Most of what these games program into the commentary is completely useless fluff. I mean hours and hours worth of recording, paragraphs and paragraphs worth of script. For what? For it to get old about five or ten games later.
"Commentary will always get old" people always say.
Well hold your horses, pal. Here's the thing: you know what doesn't get old? Stuff that's actually relevant, true, and context-sensitive.
Does it ever get "old" to hear an announcer say: "Lions first and 10 at the 24 yard line, Bears defense in press coverage, Stafford under center with three wide to the right"?
Does it ever get "old" to hear an announcer say: "Linebacker crashed the play there, nice tackle, Woodley, the 8th-year-man out of Michigan."
Of course it doesn't. And it would it not be the CAT'S *** if, years into franchise, those names were replaced by your new guys? "Great stop buy the end, FAKE NAME, the rookie out of Central Florida"?
THAT'S what they should be focusing on. Nail down what's happening, what happened, and who made the play. Everything else is fluff.
And I'm sorry, but this commentary is FULL of fluff.

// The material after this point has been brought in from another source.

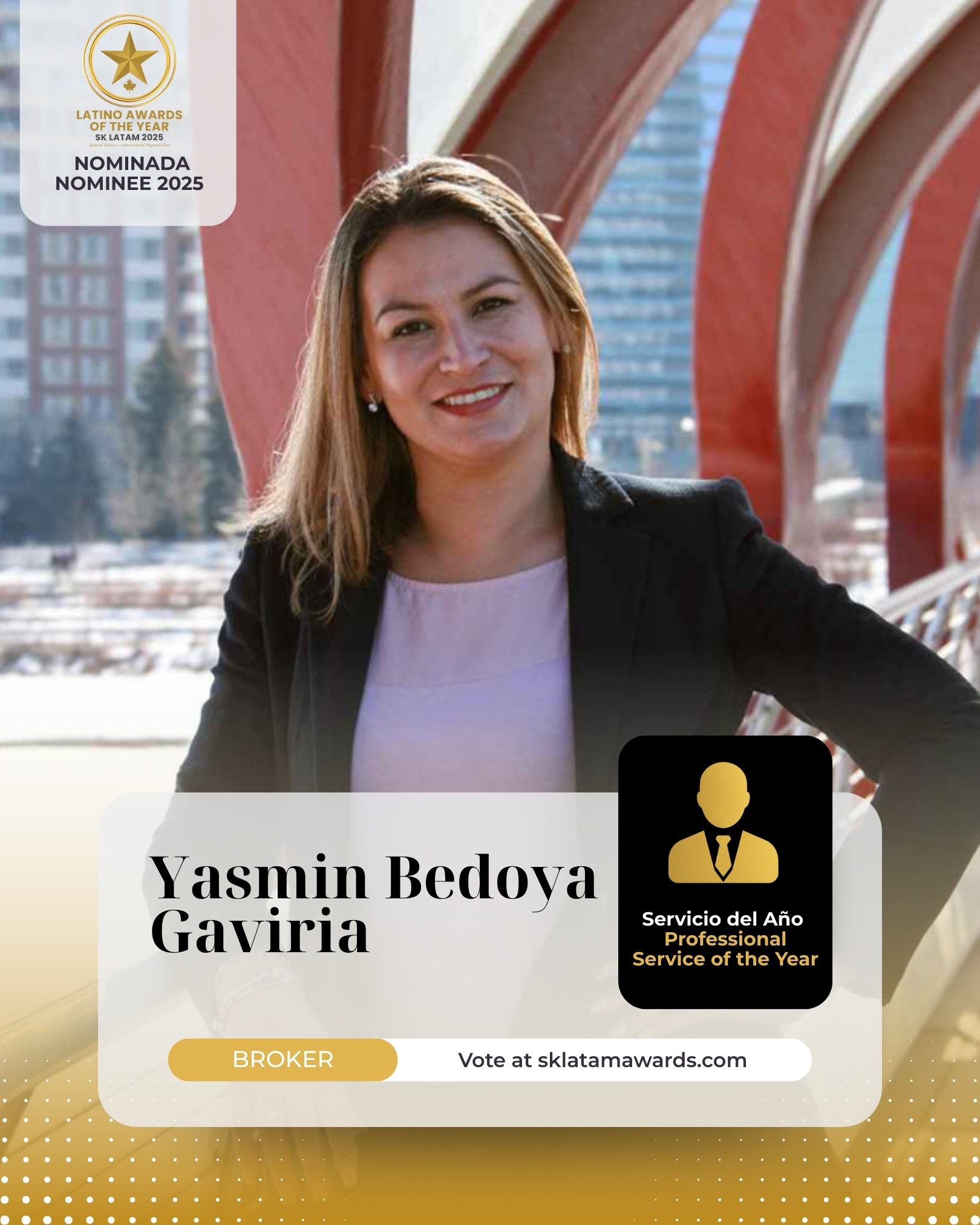Esta categoría reconoce a los profesionales y emprendedores que ponen su experiencia al servicio de la comunidad, ofreciendo apoyo especializado que mejora la vida de las personas día a día. Aquí entran contadores, agentes inmobiliarios, brokers, consultores migratorios, aseguradores, traductores, coaches, proveedores de trámites, asesores financieros y todo aquel que, con ética y compromiso, acompaña a otros en procesos personales, legales, laborales o económicos. Celebramos a quienes trabajan desde la confianza, la responsabilidad y el servicio humano, convirtiéndose en un apoyo fundamental para cientos de familias en Saskatoon.

Every stinking game, every time a fullback touches the ball, it's a three-minute diatribe about how it's not necessarily a fullback playing that position, and when homeboy scouts players, he's scouting kickers and punters more than actual fullbacks, because the college game isn't producing fullbacks anymore. Like, Chriiiiiiiiiist.

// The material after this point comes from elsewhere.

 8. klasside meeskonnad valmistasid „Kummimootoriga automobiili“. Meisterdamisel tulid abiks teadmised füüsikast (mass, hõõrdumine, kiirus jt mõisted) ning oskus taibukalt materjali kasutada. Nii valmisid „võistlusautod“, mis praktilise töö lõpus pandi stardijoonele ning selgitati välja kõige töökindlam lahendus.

I want to keep this as short as possible so I'll try to summarize. Every game, basically since commentary started to get pretty neat, has made this mistake: they think what we want are real-life references. They think what makes commentary cool are lines like "Ameer Abdullah had a nifty 34-yard run in the preseason last year." On the contrary, what would make me drool is if they had in place a system where they'd reference a 34-yard run from earlier in the game.
"Ziggy Ansah, his second sack of the game!" - THAT'S the cool stuff. "Matthew Stafford, 18 of 23, 236 yards and a touchdown, under center." Where's THAT line? No, let's record some more references to week two and get those into the update.

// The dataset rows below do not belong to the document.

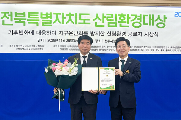 수상 직후 김 의장은 “이번 상은 저 혼자의 노력이 아니라, 남원의 푸른 환경을 지키기 위해 애쓰는 모든 시민과 산림 관련 종사자들의 헌신 덕분”이라며 감사의 뜻을 전했다.
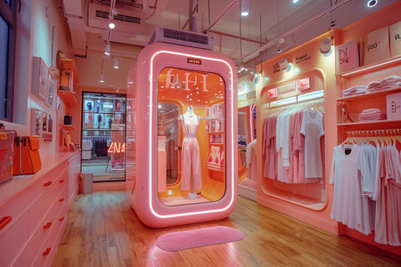 Modern Pink Retail Store Interior With Mannequin Displaying Clothing and a Photo Booth
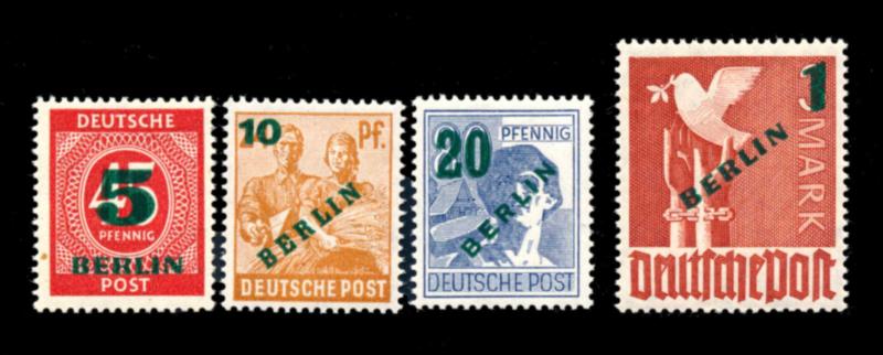 GERMANY BERLIN 1949 #9N64-67 SET XF **. German stamps surcharged Berlin, for use in the American, British and French occupation sectors. Superb set of 4 stamps mint never hinged and all signed by German expert Schlegel on back. Scott $270.00 CAD. (Image1)

I don't know if my point is clear or not, but I'm just trying to say it doesn't have to be that difficult, and the "it will always be repetitive" is short-sighted. Certain things are never repetitive, you just have to recognize what those things are and expand upon them instead of stuff that is inherently repetitive, like how the Lions had the fewest rushing yards of any team in the league last year, which I have to listen to every game. How about changing that to what my team's rushing rank is THIS YEAR?